Simply put, Skill is a "skill manual" teaching AI how to work. By encapsulating domain knowledge, standard processes, and execution tools into pluggable modules, Skill enables intelligent agents to achieve professional capability accumulation, sharing, and continuous optimization for the first time, truly advancing from "automated execution" to "professional thinking and action".
The essence of Skill is transforming "tacit knowledge" into "explicit regulations".
Principles
Function Calling
Function Calling's essence: For LLM to achieve tool invocation, actually the only required content includes: function name, parameter requirements, and a description. However, under the Function Calling framework, users face several problems:
- How to integrate into existing systems
- How to accurately guide models to execute tasks according to specific processes and rules using text (not code)?
- Writing all knowledge into prompts causes context explosion
Solutions
The solutions to the above problems are MCP and Skills.
Both MCP and Skills are based on Function Calling—they're merely different application methods on top of this foundational capability.
- MCP: Enables AI to "be capable of doing", executing tools, reading/writing data
- Skill: Teaches AI "how to do", serving as AI's operation manual (telling the model step-by-step how to do), including processes, standards, strategies, scripts, code. Skills aren't "trained into the model" but written into System Prompt, automatically read when building context—LLM learns to use through reading comprehension.
How to Integrate into Existing Systems?
MCP is a protocol standardizing interaction methods between large models and external capabilities. If Tools solve "how models call a function", then MCP solves "how models interact with long-existing, reusable capability services".

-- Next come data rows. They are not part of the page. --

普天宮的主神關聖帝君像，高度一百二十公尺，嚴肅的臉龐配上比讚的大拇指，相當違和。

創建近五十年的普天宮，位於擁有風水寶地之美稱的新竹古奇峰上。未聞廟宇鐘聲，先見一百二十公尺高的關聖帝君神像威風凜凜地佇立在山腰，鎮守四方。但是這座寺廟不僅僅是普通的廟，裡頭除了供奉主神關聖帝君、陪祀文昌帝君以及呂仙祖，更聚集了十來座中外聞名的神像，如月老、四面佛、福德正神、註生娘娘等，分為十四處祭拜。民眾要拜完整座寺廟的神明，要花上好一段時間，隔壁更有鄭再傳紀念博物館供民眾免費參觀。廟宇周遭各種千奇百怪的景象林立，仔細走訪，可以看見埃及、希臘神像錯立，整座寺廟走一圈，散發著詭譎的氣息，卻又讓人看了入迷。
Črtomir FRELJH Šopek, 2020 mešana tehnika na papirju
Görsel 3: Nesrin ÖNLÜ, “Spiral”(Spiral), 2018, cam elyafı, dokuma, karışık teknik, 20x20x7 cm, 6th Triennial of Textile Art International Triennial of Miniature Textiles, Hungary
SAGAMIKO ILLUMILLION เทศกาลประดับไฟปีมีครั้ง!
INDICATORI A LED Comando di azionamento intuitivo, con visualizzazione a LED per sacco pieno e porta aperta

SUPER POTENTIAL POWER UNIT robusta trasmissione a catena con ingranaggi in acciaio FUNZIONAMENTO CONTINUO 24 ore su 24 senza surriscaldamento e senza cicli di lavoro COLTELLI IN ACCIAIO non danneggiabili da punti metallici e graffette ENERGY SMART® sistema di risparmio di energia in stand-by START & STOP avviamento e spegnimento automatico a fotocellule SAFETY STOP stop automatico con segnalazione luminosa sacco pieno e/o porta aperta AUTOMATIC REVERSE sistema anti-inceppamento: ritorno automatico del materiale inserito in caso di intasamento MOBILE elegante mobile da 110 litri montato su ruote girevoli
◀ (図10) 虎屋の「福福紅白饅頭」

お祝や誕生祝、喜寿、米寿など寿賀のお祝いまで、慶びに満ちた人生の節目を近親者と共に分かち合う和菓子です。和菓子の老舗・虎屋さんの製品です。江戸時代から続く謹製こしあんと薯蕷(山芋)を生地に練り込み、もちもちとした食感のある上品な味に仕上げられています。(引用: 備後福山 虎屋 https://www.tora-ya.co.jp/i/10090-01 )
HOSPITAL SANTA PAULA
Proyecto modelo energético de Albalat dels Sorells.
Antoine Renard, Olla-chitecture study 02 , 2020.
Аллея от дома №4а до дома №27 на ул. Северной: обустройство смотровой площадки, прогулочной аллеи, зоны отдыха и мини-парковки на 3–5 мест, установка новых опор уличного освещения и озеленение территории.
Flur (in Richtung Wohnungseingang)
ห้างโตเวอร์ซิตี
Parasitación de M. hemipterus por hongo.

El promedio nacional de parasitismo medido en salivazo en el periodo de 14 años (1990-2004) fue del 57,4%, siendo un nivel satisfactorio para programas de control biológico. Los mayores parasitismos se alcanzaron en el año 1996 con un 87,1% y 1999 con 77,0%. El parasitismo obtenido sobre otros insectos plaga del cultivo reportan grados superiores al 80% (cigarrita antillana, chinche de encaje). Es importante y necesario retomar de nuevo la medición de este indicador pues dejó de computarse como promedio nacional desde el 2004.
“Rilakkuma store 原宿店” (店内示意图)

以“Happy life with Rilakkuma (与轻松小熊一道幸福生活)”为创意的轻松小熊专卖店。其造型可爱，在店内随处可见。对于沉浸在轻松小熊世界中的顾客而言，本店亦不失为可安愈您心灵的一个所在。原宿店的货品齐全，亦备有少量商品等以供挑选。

MCP's core addresses docking issues with existing systems. MCP's value lies in providing a standardized docking protocol, enabling different tools and data sources to be used by LLM in a unified manner. Essentially, MCP leans more toward being a set of docking standards (just adding a layer of JSON-RPC protocol conversion on top of Function Calling), not the only docking method.

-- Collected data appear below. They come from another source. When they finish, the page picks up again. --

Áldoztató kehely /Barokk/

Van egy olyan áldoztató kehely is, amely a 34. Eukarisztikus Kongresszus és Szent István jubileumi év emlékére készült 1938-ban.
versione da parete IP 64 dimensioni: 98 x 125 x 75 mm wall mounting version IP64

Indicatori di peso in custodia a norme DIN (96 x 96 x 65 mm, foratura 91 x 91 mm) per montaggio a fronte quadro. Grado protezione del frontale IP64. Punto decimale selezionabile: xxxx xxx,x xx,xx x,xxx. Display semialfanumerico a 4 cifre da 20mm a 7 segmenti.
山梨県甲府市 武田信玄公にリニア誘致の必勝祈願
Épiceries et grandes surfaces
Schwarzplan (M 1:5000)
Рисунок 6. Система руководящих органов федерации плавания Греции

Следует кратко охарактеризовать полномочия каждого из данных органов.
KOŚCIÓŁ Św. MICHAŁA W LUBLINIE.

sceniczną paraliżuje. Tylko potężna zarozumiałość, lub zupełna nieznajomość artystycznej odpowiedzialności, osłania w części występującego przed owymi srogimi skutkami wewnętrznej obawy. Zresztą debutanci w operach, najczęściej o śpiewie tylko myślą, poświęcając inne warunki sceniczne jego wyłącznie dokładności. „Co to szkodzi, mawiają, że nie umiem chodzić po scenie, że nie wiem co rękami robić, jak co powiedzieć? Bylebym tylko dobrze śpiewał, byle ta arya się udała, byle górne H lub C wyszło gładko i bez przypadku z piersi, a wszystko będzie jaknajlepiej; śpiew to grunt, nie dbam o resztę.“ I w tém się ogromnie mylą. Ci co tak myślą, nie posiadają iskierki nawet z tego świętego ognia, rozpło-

Or rather, MCP resembles API—Agents only care about what "parameters" the API submits and what "results" it receives.
How to Guide Models to Execute Tasks According to Specific Processes and Rules?
Skills provide a method for users to define instructions, scripts, and resources using text, forming reusable task workflows.
Skills are actually a sub-agent wrapper:
- Skills are merely a clever application on top of Function Calling: encapsulating the "load document" operation into a function, enabling models to automatically search and load fixed skills documents when needed
- Skills enable users to write processes using text, replacing the logic of connecting various API calls written in code within functions called in MCP. This approach enhances process environmental adaptability—because models can dynamically adjust strategies according to actual situations, handle uncertainty, and understand natural language intentions. Skills support more complex process definitions—by informing LLM how to combine multiple interface calls through SKILL.md documents, success rates for long-process tasks become higher.
How to Solve Context Explosion?
A two-layer loading paradigm can be used.
Layer 1: System prompt contains skill names (low cost)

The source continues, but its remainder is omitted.